BAŞKAN - Buyurunuz efendim.

AHMET KAMİL EROZAN (Devamla) - O kadar ağız, bu kadar çok insan bir topa giriyorsa burada bir sakatlık var yani "Bu işi kim yürütüyor?" sorusunu ister istemez sormak durumundayız.

Şunu da bilelim ki bu hafta bir ateşkese varılsa dahi -bu ne son- iki devletli bir çözüm gelmediği ölçüde bir çözüm olmaktan uzak bir noktadayız.

İktidara bizim çağrımız şu: Oyun bozucu olmaktan çıkın, oyun kurucu olmaya çalışın. Ama maalesef yapısal ve sistemsel sorunlar dizisinden dolayı iktidarın dış politikası çaresizlikler yumağı hâline dönüşmüştür ve Dışişleri Bakanlığının yerine Beştepe'deki dehalara emanet edildiği için bir yere varılamayacağı da artık bellidir.

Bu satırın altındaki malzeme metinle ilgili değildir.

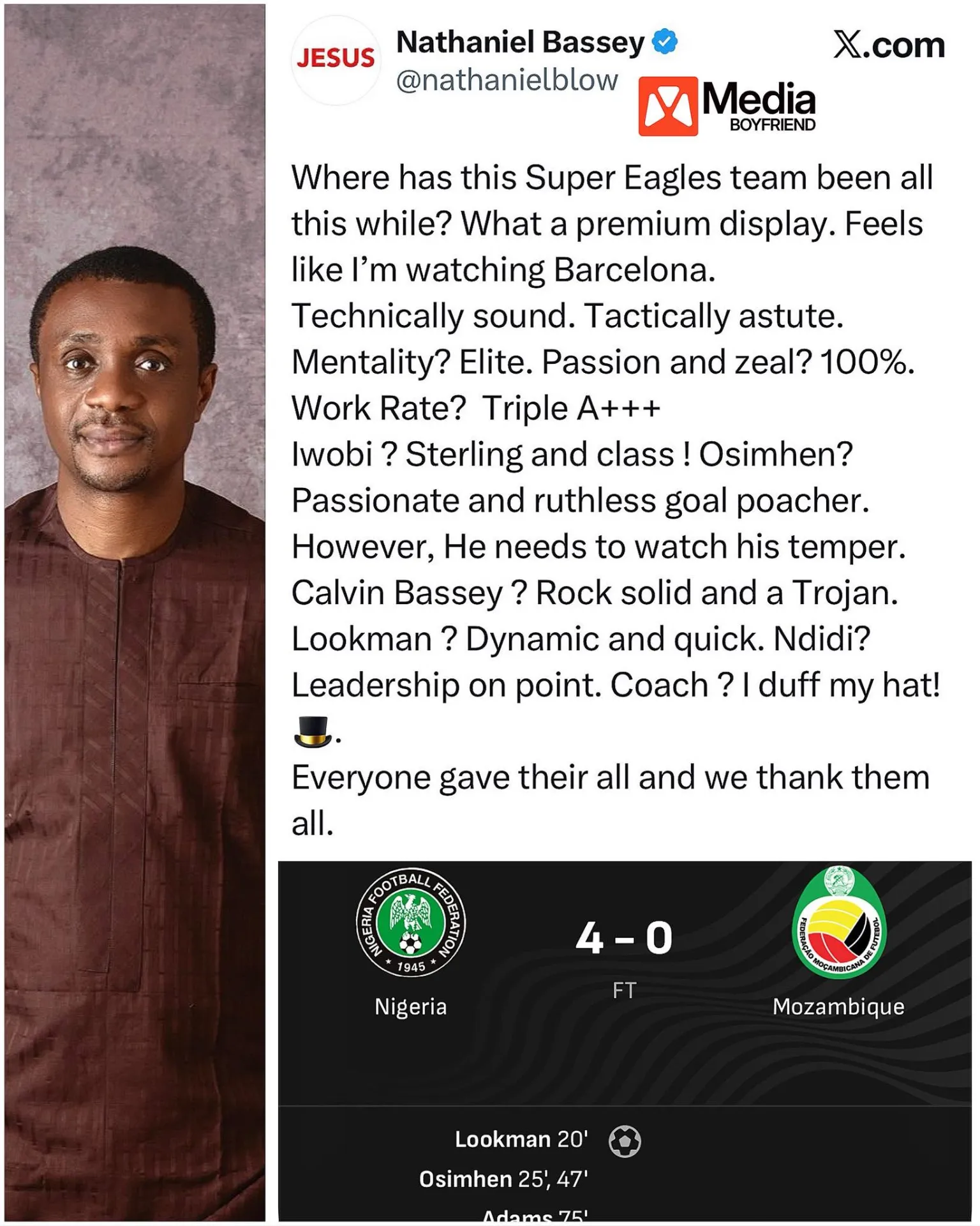 Nathaniel Bassey who apparently watched the match took to his X handle to commend the performance of the boys.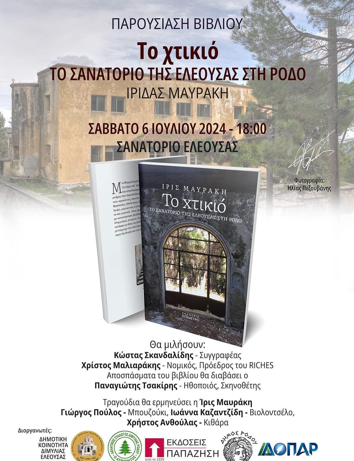Στις 6 Ιουλίου και ώρα 18:00 στο πρώην Σανατόριο στην Ελεούσα, θα πραγματοποιηθεί η παρουσίαση του βιβλίου "Το Χτικιό" της Ίριδας Μαυράκη.

Gerçek vatanseverlik iktidara rağmen vatanını ve milletini korumaktan geçer. Bizim yaptığımız da budur. Seyrettiğimiz filmin adı ne midir? Aslında bu bir dizi film. "Daha evvelce görmüştük." de diyebilirsiniz. Filmin adı bir aşamada "değerli yalnızlık" idi, şimdi ise adı "değersiz yalnızlık." Oyuncular maalesef hep aynı.

(Mikrofon otomatik cihaz tarafından kapatıldı)

BAŞKAN - Buyurunuz efendim.

AHMET KAMİL EROZAN (Devamla) - Siz bilmiyorsunuz ama bu dizi film ilk seçimle birlikte yayından kalkacak. Dolayısıyla yakından izlemeye devam ediniz.